Nonsurgical treatment of knee pain
After evaluating your knee carefully, your orthopaedic surgeon will create a treatment plan customised for you.
Treating your knee injury or condition will likely begin with a technique known as RICE:
R: Rest the injured area and discontinue the activity that caused injury.
I: Ice the injured area two to three times a day for 20 to 30 minutes at a time.
C: Use compression on the injured area with a brace or wrap.
E: Elevate the injured area as much as possible.
Your knee specialist also might recommend:
Immobilization: Bracing the knee to prevent movement and give the bones, ligaments, tendons and cartilage a chance to rest and heal. Crutches may be used to help keep weight off the knee.
Anti-inflammatory medications or injections: These help reduce pain and swelling
Physical therapy: Done to slowly and appropriately help restore knee function and strengthen the supporting muscles
When the structures of your knee become injured or diseased, surgery may be needed to ease your symptoms and restore function. When appropriate, orthopaedic surgeons at Bothwell Medical Rooms may use a technique called arthroscopic surgery of the knee. This is done on an outpatient basis, meaning you'll probably go home after the procedure. This minimally invasive surgical approach can be used to treat knee injuries and conditions while offering benefits like:
- Smaller incisions
- Less scarring
- Reduced need for pain medication
- Quicker recovery
Bothwell Medical Rooms orthopaedic surgeons use modern techniques and technologies to deliver the most precise surgical treatments possible. Because many knee injuries require surgeons to have greater access to structures and components within the knee, open knee surgery is still common practice.

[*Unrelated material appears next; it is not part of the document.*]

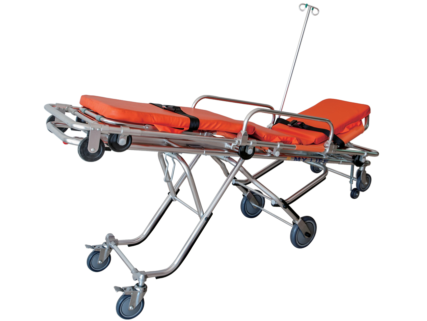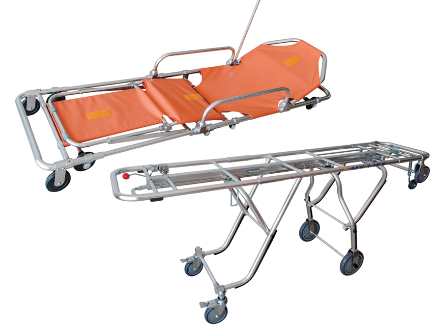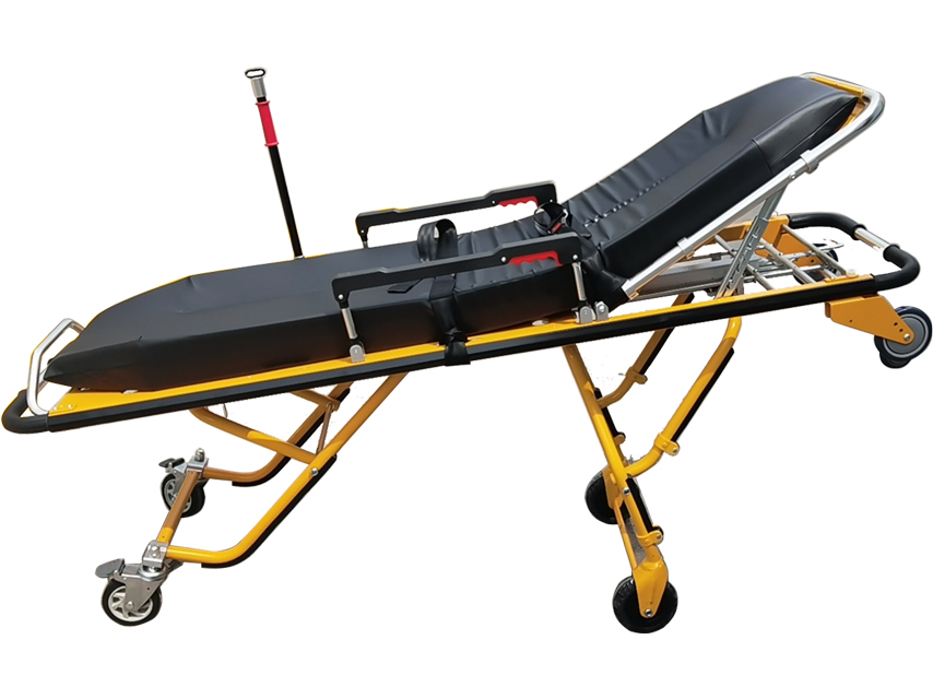 La parte superiore può diventare una sedia a rotelle. La barella è regolabile a 6 livelli e inclinabile avanti e indietro secondo la necessità. Quando è piegata in avanti, lo schienale è sostenuto da molle pneumatiche fisse che permettono il controllo dell’inclinazione da 0 a 60 gradi.

Regardless of the type of knee surgery that's recommended for you, the goal is to alleviate your pain, restore function and get you moving again. At Bothwell Medical Rooms, orthopaedic surgeons perform various types of knee surgery, including:
Total knee replacement surgery, also called total knee arthroplasty: It treats the degenerative effects of arthritis or severe injury by replacing the worn out/damaged cartilage in the knee. Total knee replacement surgery is a common method of treatment for end-stage arthritis of a knee, regardless of its cause.
Partial knee replacement surgery, also called unicompartmental knee replacement, replaces only the damaged part(s) of the knee, if the damage is more isolated and other areas of the knee are normal
Revision knee replacement surgery due to wear, loosening, injury, or in some cases, infection of the original knee replacement
Arthroscopic knee surgeries to diagnose and sometimes treat knee injuries and conditions affecting the soft tissues that surround, protect and allow your knee to function properly
After knee surgery
Today's surgical advances usually mean shorter post-surgical hospital stays. In most cases, you'll be able to go home within 24-48 hours of knee surgery.
Your recovery plan will probably also include comprehensive outpatient physiotherapy. Therapy will help you regain strength, improve movement and restore function, helping you get back to doing the activities you enjoy.
Throughout your treatment, your orthopaedic surgeon will work with your GP to ensure that you receive the best possible care. Your surgeon also may collaborate with a physiotherapists, anesthesiologist, orthopedic nurses and others in the hospital.